- **DATA**:
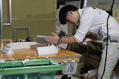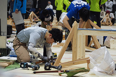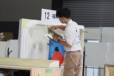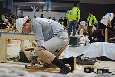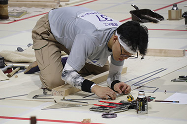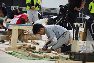 本年は10月17日から20日に愛知県国際展示場など15会場で行われ42職種、1,025名の原則23歳以下の青年技能者が都道府県を代表して競いました。建築大工職種部門は67名、左官職種部門は16名が参加し、住友林業ホームエンジニアリングからはそれぞれ7名、4名が出場しました。専門校で大工や左官としての必要な訓練を修了した技能職社員の中から選抜され、競技に向けて練習を重ねて大会に臨みました。
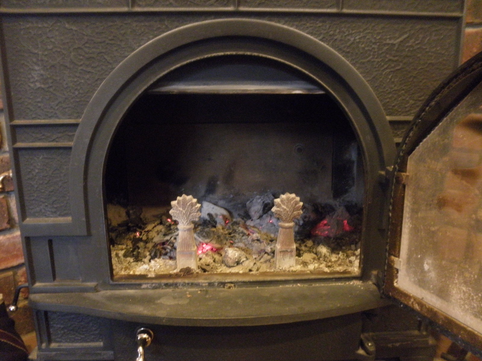 買ってくれば楽ちんです。でも、値段もそこそこしますし、うちの薪ストーブには下の写真のようにアンダイアンと呼ばれる2本の鉄の柱があり、薪がガラスに接触しないような仕組みになっています。
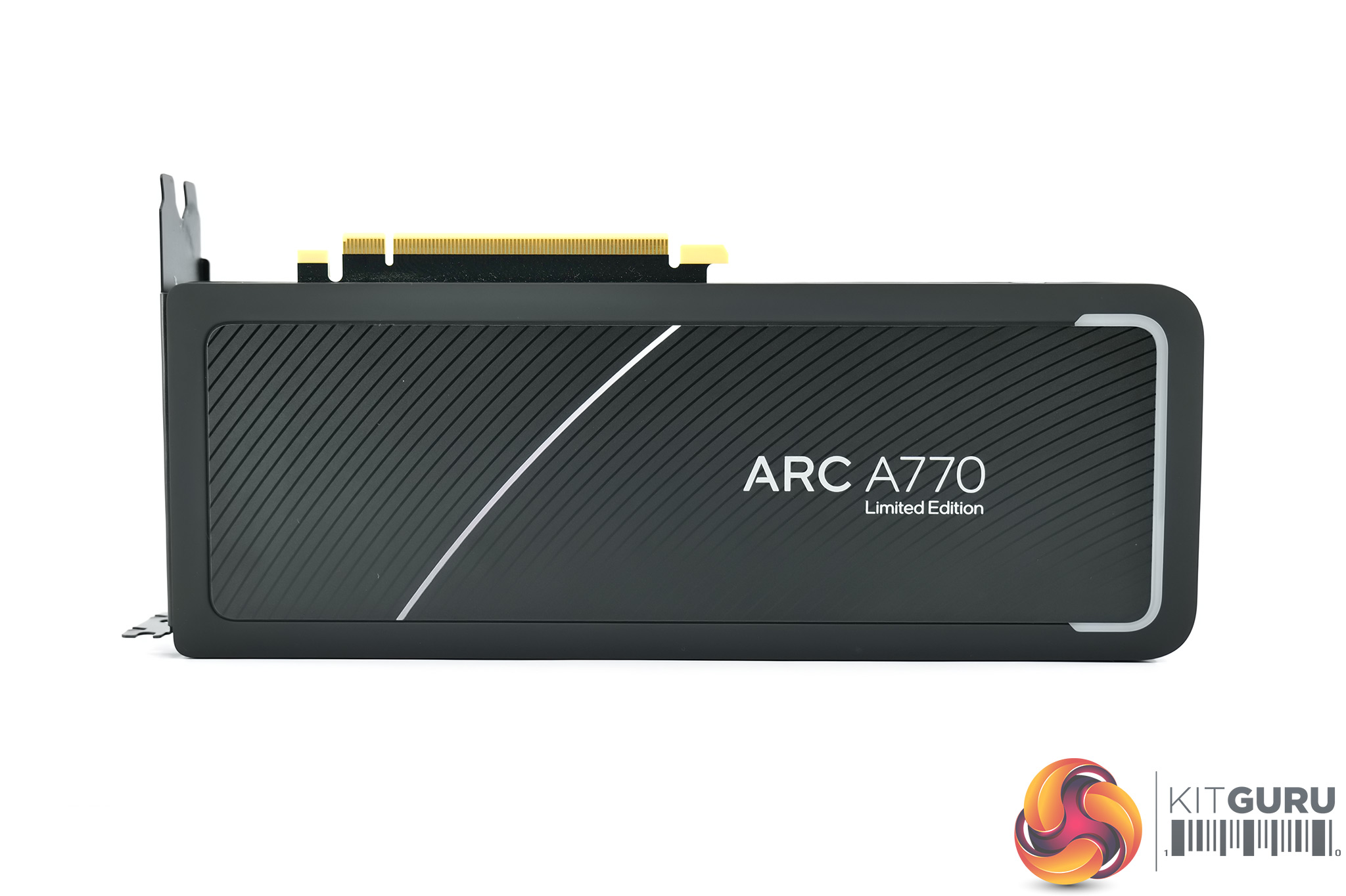The Intel Arc logo is visible on the front side of the card, while we also get a look at the rest of the front of the shroud. Intel's backplate design is also eye-catching, with a pin-stripe design. The backplate itself is made from plastic and doesn't feel particularly sturdy, but it certainly looks the part.

- **TASK STATEMENT**:
From the first line to the last, repeat the material exactly, but drop the pictures.

- **EXPECTED OUTPUT**:
 本年は10月17日から20日に愛知県国際展示場など15会場で行われ42職種、1,025名の原則23歳以下の青年技能者が都道府県を代表して競いました。建築大工職種部門は67名、左官職種部門は16名が参加し、住友林業ホームエンジニアリングからはそれぞれ7名、4名が出場しました。専門校で大工や左官としての必要な訓練を修了した技能職社員の中から選抜され、競技に向けて練習を重ねて大会に臨みました。
 買ってくれば楽ちんです。でも、値段もそこそこしますし、うちの薪ストーブには下の写真のようにアンダイアンと呼ばれる2本の鉄の柱があり、薪がガラスに接触しないような仕組みになっています。
The Intel Arc logo is visible on the front side of the card, while we also get a look at the rest of the front of the shroud. Intel's backplate design is also eye-catching, with a pin-stripe design. The backplate itself is made from plastic and doesn't feel particularly sturdy, but it certainly looks the part.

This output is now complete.